PBI takes an average of the averages which yields an inaccurate number. How can I get the average line to show the overall average of all the items in the plot, not the average of the averages of the items by category in the plot (see the picture below)?
Here is the sample data (there is a report-level filter on TYPE = "Fruit"):
UID | TYPE | CATEGORY | ITEM_VALUE |
1 | Fruit | Apple | 2.2 |
2 | Fruit | Apple | 1.3 |
3 | Fruit | Apple | 2.9 |
4 | Fruit | Banana | 2.0 |
5 | Fruit | Banana | 1.1 |
6 | Fruit | Cherry | 4.3 |
7 | Fruit | Cherry | 1.7 |
8 | Fruit | Cherry | 5.5 |
9 | Fruit | Cherry | 2.0 |
10 | Fruit | Dragonfruit | 3.5 |
11 | Fruit | Dragonfruit | 1.2 |
12 | Fruit | Dragonfruit | 2.0 |
13 | Fruit | Elderberry | 1.7 |
14 | Fruit | Elderberry | 3.1 |
15 | Vegetable | Potato | 2.5 |
16 | Vegetable | Potato | 1.4 |
17 | Vegetable | Potato | 2.6 |
18 | Vegetable | Potato | 1.1 |
19 | Vegetable | Broccoli | 2.6 |
20 | Vegetable | Broccoli | 3.7 |
21 | Vegetable | Broccoli | 2.7 |
22 | Vegetable | Squash | 5.1 |
23 | Vegetable | Squash | 5.4 |
24 | Vegetable | Squash | 4.7 |
25 | Vegetable | Corn | 4.4 |
26 | Vegetable | Corn | 3.9 |
27 | Vegetable | Corn | 4.9 |
28 | Vegetable | Corn | 1.8 |
29 | Vegetable | Corn | 1.9 |
30 | Vegetable | Lettuce | 1.8 |
31 | Vegetable | Lettuce | 2.5 |
Here is the DAX for the calculated column:
Average Item Value By Category (Column) = CALCULATE( AVERAGE(DATA_SET[ITEM_VALUE]), ALLEXCEPT(DATA_SET, DATA_SET[TYPE]) )
Solved!
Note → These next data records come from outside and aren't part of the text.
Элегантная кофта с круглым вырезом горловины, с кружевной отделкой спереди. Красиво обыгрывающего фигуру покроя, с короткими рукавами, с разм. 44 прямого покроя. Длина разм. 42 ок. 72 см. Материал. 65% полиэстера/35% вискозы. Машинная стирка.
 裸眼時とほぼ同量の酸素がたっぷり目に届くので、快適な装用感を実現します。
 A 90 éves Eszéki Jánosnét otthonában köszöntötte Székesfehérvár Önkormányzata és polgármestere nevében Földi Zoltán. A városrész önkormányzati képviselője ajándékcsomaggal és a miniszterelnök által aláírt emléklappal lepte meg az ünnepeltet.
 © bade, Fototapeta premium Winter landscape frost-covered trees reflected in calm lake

Go to Solution.
Looking at your chart, it seems odd that your X-axis is a count of UIDs. It seems that how many UID's a certain product category has isn't a useful way to group or plot them. However, it seems your problem resides in how simple and uncustomizable the Data Analytics lines are for scatterplots.
I've done some reasearch, and playing around with your example file, and as far as I can tell, there's no way accomplish this with a scatterplot, unless you make a custom visual. I even played around with some of the scatterplots on the marketplace, and none of them seemed to be able to accomplish this either.
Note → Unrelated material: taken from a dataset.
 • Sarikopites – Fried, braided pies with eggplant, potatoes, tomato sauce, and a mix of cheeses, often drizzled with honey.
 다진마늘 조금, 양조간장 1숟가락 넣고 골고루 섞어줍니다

My solution would be to use a different visual. I'd set this up as a bar and line chart. Then you can set up a measure or your average column as the line value, and set the category types as the X-Axis.
up
still no solution around?
i face the same problem not having the option to have a weight calculation when average on group of record
this will be major PITA for my project with Powerbi if no workaround.
i need to do a lot bubble chart at group level with a weighted average (which allow to show which group perform better than the average)
Looking at your chart, it seems odd that your X-axis is a count of UIDs. It seems that how many UID's a certain product category has isn't a useful way to group or plot them. However, it seems your problem resides in how simple and uncustomizable the Data Analytics lines are for scatterplots.
I've done some reasearch, and playing around with your example file, and as far as I can tell, there's no way accomplish this with a scatterplot, unless you make a custom visual. I even played around with some of the scatterplots on the marketplace, and none of them seemed to be able to accomplish this either.
My solution would be to use a different visual. I'd set this up as a bar and line chart. Then you can set up a measure or your average column as the line value, and set the category types as the X-Axis.
Thank you, @Cmcmahan. That is what I was afraid of.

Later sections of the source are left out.